View the Project on GitHub cabalmail/cabal-infra

Terraform State Encryption Plan

Context

Today, Cabalmail’s Terraform state lives in the cabal-tf-backend S3 bucket. The bucket has SSE-S3 enabled at the bucket level (AWS default since 2023), so the state file is encrypted at rest with an AWS-owned key the service manages transparently. The catch is that with SSE-S3, any IAM principal that can call s3:GetObject on the bucket gets the fully decrypted state back — the service decrypts on read with no separate authorization step. This is the standard backend posture, and it has been adequate while the only secrets in state were resource ARNs and IDs.

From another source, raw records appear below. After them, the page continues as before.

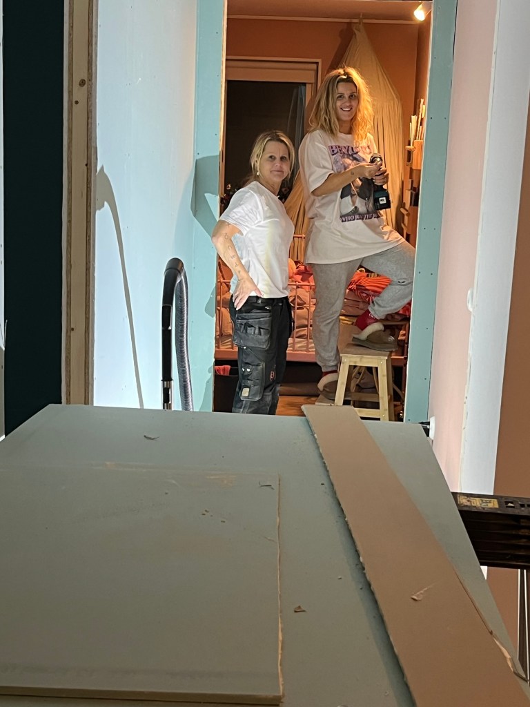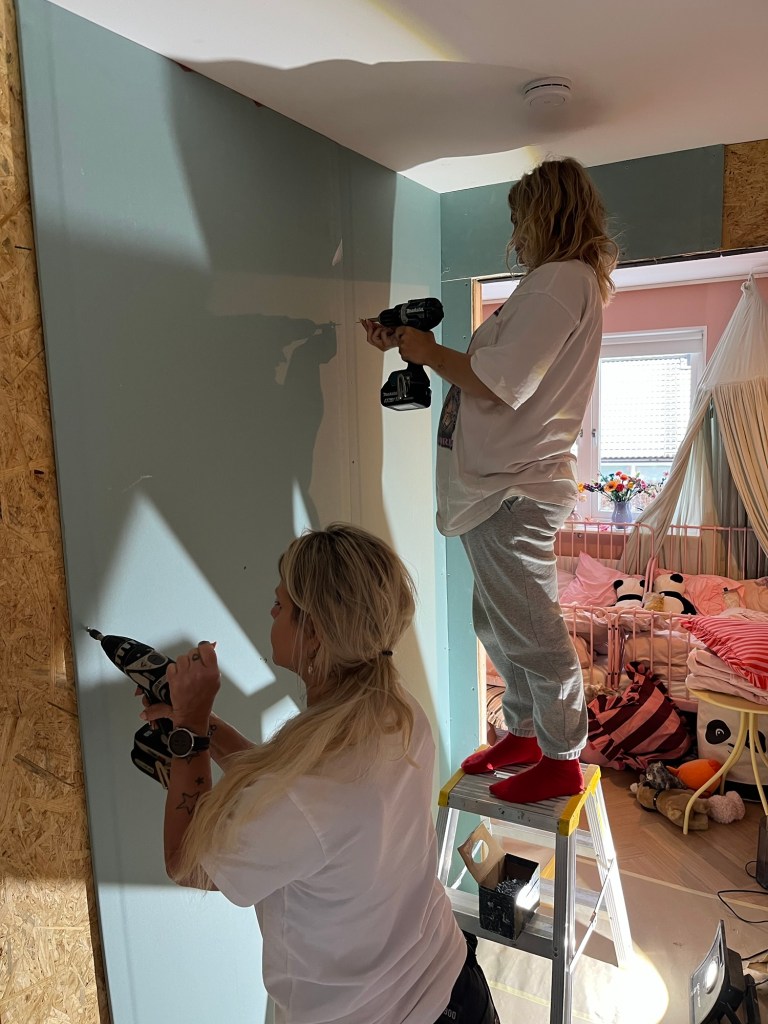 Lassie kapade upp skivor och Hanna å jag skruvade fast. viss skruvar blev också inte 1 mm in i skivan utan målaren kommer få spackla 🤣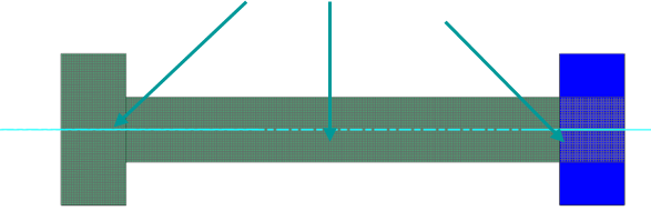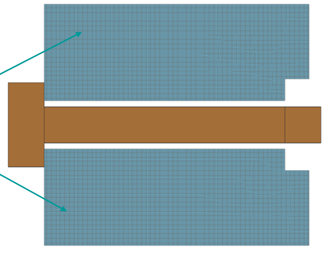 - Repeated cyclic symmetric parts, such as nuts and bolts, around the axis of rotation that are meshed with plane stress elements (presented in brown in the image below). Plane stress elements have associated thickness and number of incrementsthat must be defined.
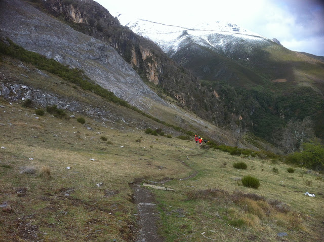Empiezo muy tranquilo, ritmo muy cómodo en el primer tramo, a pesar de que invita a pisar el acelerador. Al poco aparece un pequeño tapón para cruzar un riachuelo, que no será el último, zapatillas empapadas y a seguir.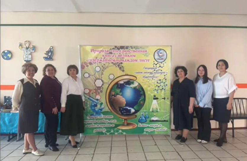 География пәнінің мұғалімдері: З.Е. Пивненко, А. Т. Оспанова және биология пәнінің мұғалімдері: Ш. Д. Әйтенова және Н. Е. Шмурикова макеттер көрмесін ұйымдастырды.

The 0.7.x monitoring work surfaced a concrete case where this posture starts to chafe: the alert_sink Lambda needs Pushover credentials and an ntfy publisher token. The Phase 1 implementation works around the issue by writing placeholder values via Terraform and using ignore_changes = [value] so the operator can aws ssm put-parameter the real values out-of-band. That keeps secrets out of state, but at the cost of manual setup steps, drift between code and reality, and no in-band rotation.

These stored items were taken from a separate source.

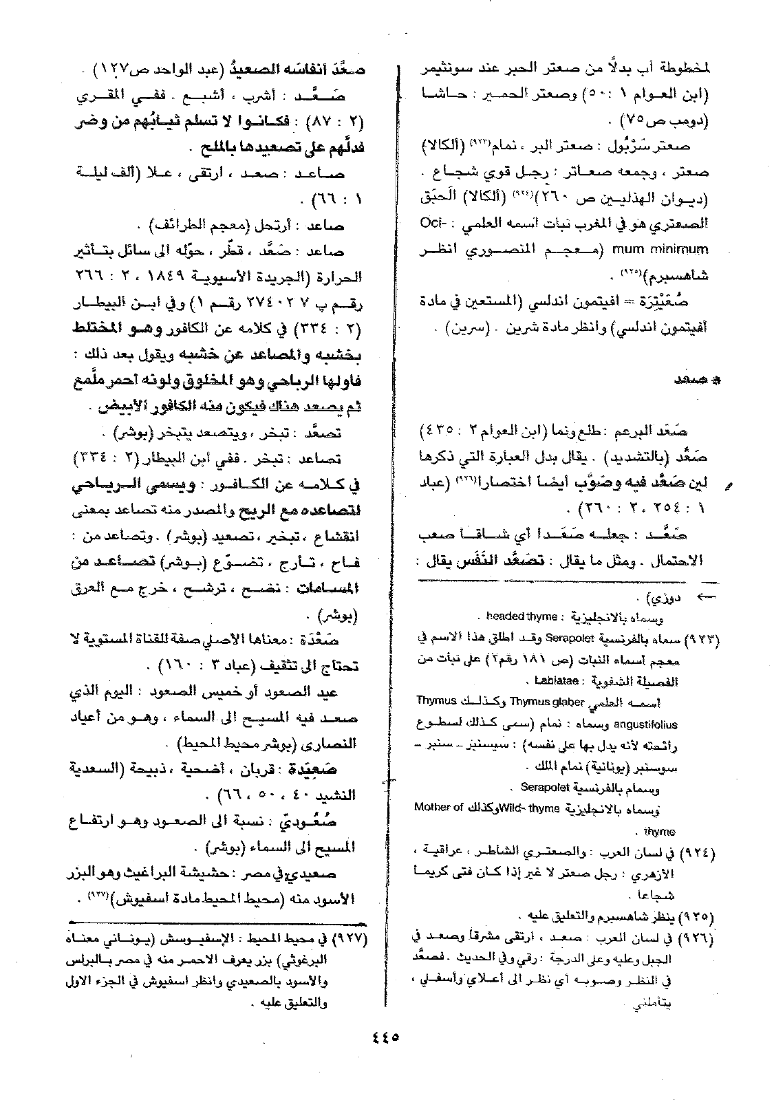 صعتر سَرْبُول: صعتر البر، نمام (ألكالا) صعتر، وجمعه صعاتر: رجل قوي شجاع. (ديوان الهذليين ص260) (ألكالا) (الَحبَق الصعتري هو في المغرب نبات اسمه العلمي: Ocimum minimum ( معجم المنصوري انظر شاهسبرم).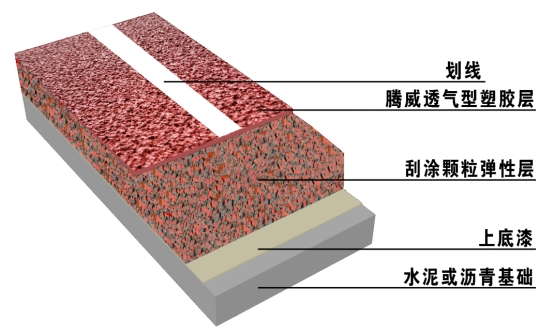 透氣型塑膠跑道,是世界上最廣泛使用、最經濟的跑道結構,是由EPDM彩色橡膠顆粒與單組份膠水混合而成,因成型后呈孔隙結構,空氣、水分可以貫通,故稱為透氣型,國內約60%的塑膠跑道都是透氣型塑膠跑道。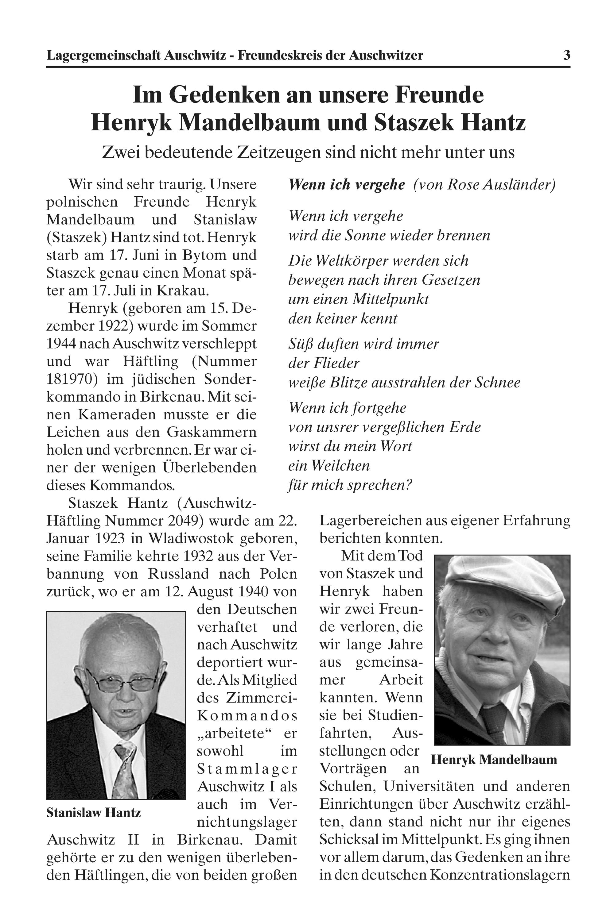Wir sind sehr traurig. Unsere polnischen Freunde Henryk Mandelbaum und Stanislaw (Stas?ek) Hant? sind tot. Henryk starb am 17. Juni in Bytom und Stas?ek genau einen Monat spã- ter am 17. Juli in Krakau.

The fix is to re-key the state object under a customer-managed KMS key (CMK) using the S3 backend’s encrypt + kms_key_id options (SSE-KMS). With SSE-KMS and a CMK, S3 calls KMS on the caller’s behalf using the caller’s permissions, so reading state requires both s3:GetObject and kms:Decrypt on the key. Grant kms:Decrypt to only the deploy principal and we get the property we want: S3 read access alone no longer reveals state. That changes the calculus enough that we can comfortably manage secrets through Terraform.

What HashiCorp Terraform can and cannot do here

An earlier draft of this plan assumed Terraform 1.10’s top-level encryption { key_provider ... } block, which encrypts the state and plan payload client-side. That block is an OpenTofu feature (OpenTofu 1.7+), not HashiCorp Terraform. In Terraform it is still an open proposal (hashicorp/terraform#9556, #31013); the canonical docs for it live on OpenTofu’s site. This repo runs HashiCorp Terraform (hashicorp/setup-terraform, the terraform CLI), so that block would not parse.

Our lever is therefore backend-level SSE-KMS, not client-side encryption. The practical difference:

For our threat model — an IAM principal with broad S3 access but no business reading state secrets — SSE-KMS closes the gap. The encrypt + kms_key_id backend options are long-standing, so this needs no Terraform version bump. Full client-side payload encryption would require migrating the toolchain to OpenTofu, which is out of scope (see Non-goals).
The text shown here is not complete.